Dark, gaining his composure as Wilford walked over to him, analyzed the situation, deciding how best to handle this. Google, as always, was waiting at attention. Dark was the only person he allowed to command him, and he planned on keeping it this way.
“I think I heard you say you were going to carve your name in to Bim’s face?” Dark had a look on his face like he genuinely didn’t care if Wilford did or didn’t carve his name into Bim’s face. He could carve the entire Mona Lisa into the flamboyant game show host’s face and he could not honestly give less of a damn.
“I did say that! What’s it to you! He’s not one of yours! You’re lucky I didn’t use my knife on that Google knock off hiding back there!” Wilford pointed his knife at Oliver who ducked back behind Google. Google cocked his head at Wilford.

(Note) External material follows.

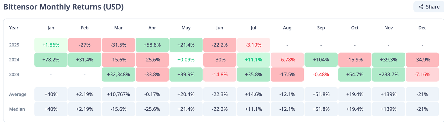 Rendimientos mensuales de Bittensor | Fuente: CryptoRank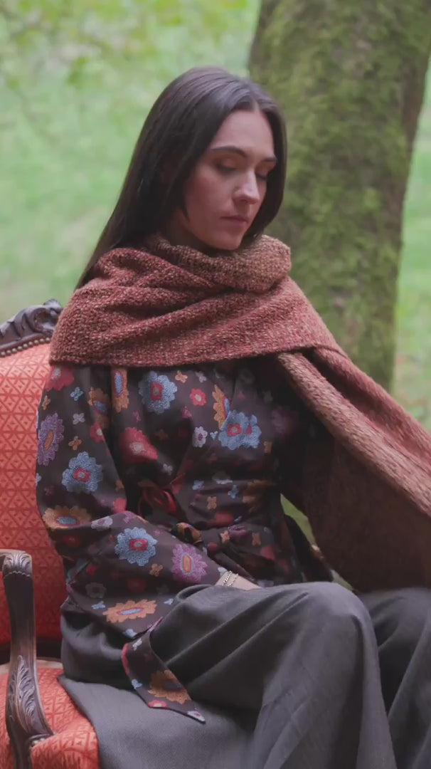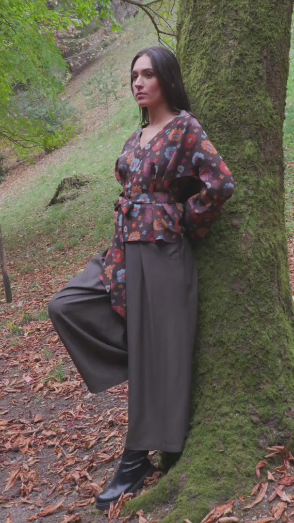 Reversible kimono in organic jacquard woven in France, with subtle orange and blue-grey floral patterns on a mahogany background.

“I don’t appreciate you threatening me Wilford. Google Yellow is a piece of me.”
“Yeah, Yeah I know. Therefore he’s yours! I didn’t hurt the son of a bitch!” Wilford grinned. “He ran away too fast for me to.” Google frowned at Wilford.
“Wilford.”
“What the fuck do you want now?!” Wilford turned from Google to Darkiplier slack jawed.

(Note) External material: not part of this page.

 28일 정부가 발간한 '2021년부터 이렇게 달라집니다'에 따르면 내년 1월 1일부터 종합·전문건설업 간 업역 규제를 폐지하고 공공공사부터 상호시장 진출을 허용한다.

“As I seem to recall, Bim no longer belongs to you. He is, how did you put it? Conspiring with me?” Dark smirked as Wilford’s grin turned into a scowl. “Therefore, I think that Bim belongs to me now, wouldn’t you agree?”
“I’m not taking this shit from you Dark! I don’t take shit from anybody!” Wilford spun around, pointing his knife at everyone in his prosciminity. “Traitors don’t get protection. Now please run along so I can get back to doing my work. Ta-Ta!” Wilford turned towards Bim on the ground and began to step towards him.
Dark nodded at Google who grasped Wilford on the shoulder.
“Now, now, Will. I don’t think you realize what kind of an opportunity you're missing out on here” Dark smirked, knowing he got his attention.
“Opportunity?” Wilford relaxed ever so slightly. Dark nodded to Google to let him go.
“You see I realized after seeing and listening to little Yellow over there; that we didn’t get the whole story now did we?” He looked over to Yellow, “Come here.”